==== Supplied records

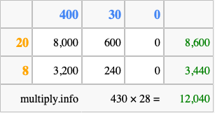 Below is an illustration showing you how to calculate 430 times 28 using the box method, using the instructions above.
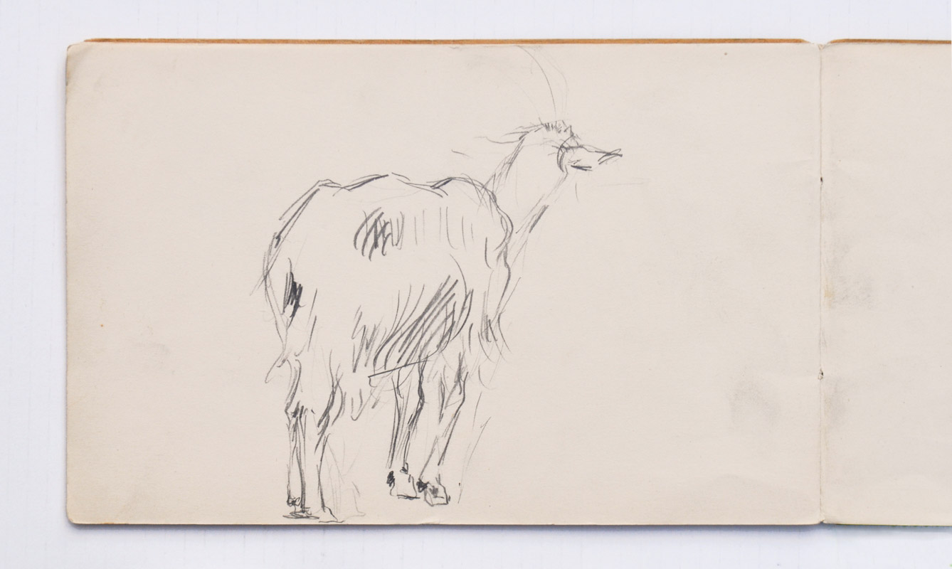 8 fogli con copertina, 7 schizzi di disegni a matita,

========
==== Supplied records

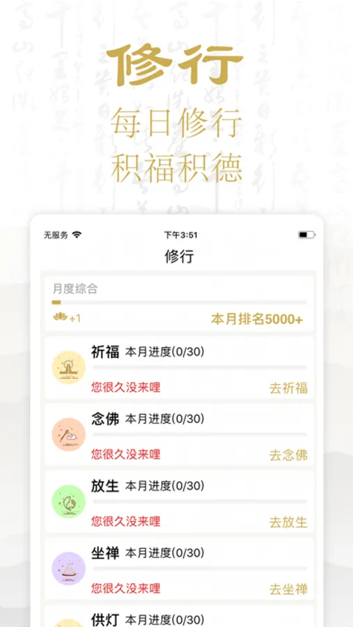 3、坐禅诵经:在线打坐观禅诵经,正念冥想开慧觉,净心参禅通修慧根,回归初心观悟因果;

========
==== Supplied records

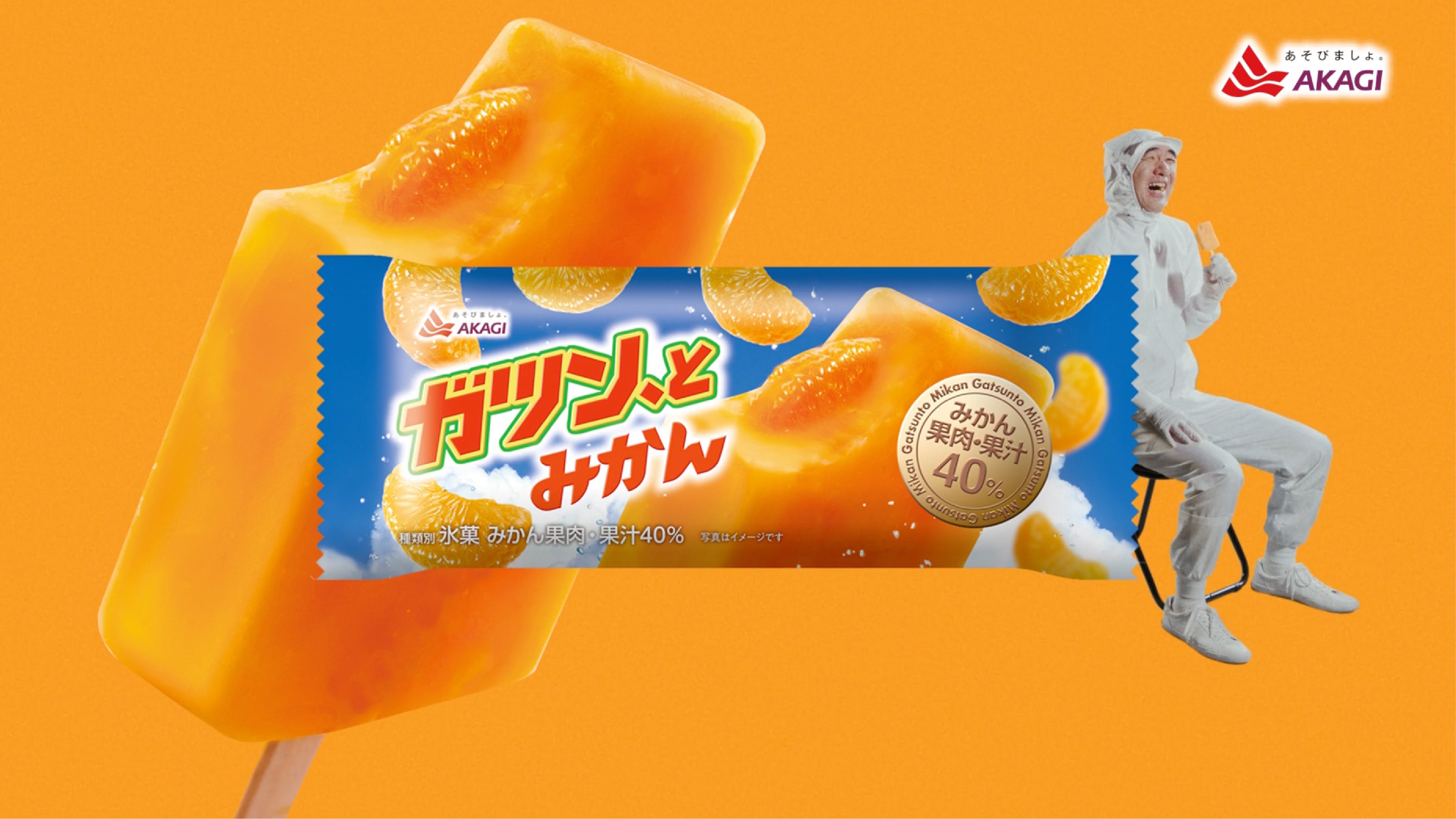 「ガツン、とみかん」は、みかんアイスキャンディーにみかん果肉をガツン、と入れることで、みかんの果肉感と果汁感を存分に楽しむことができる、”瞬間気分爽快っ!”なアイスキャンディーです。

========

Task prompt -> The lines to set down run from the line with "Below is an" up to and including the line with "8 fogli con" in the entries above. Reproduce them exactly, with no pictures.

Exercise solution ->
 Below is an illustration showing you how to calculate 430 times 28 using the box method, using the instructions above.
 8 fogli con copertina, 7 schizzi di disegni a matita,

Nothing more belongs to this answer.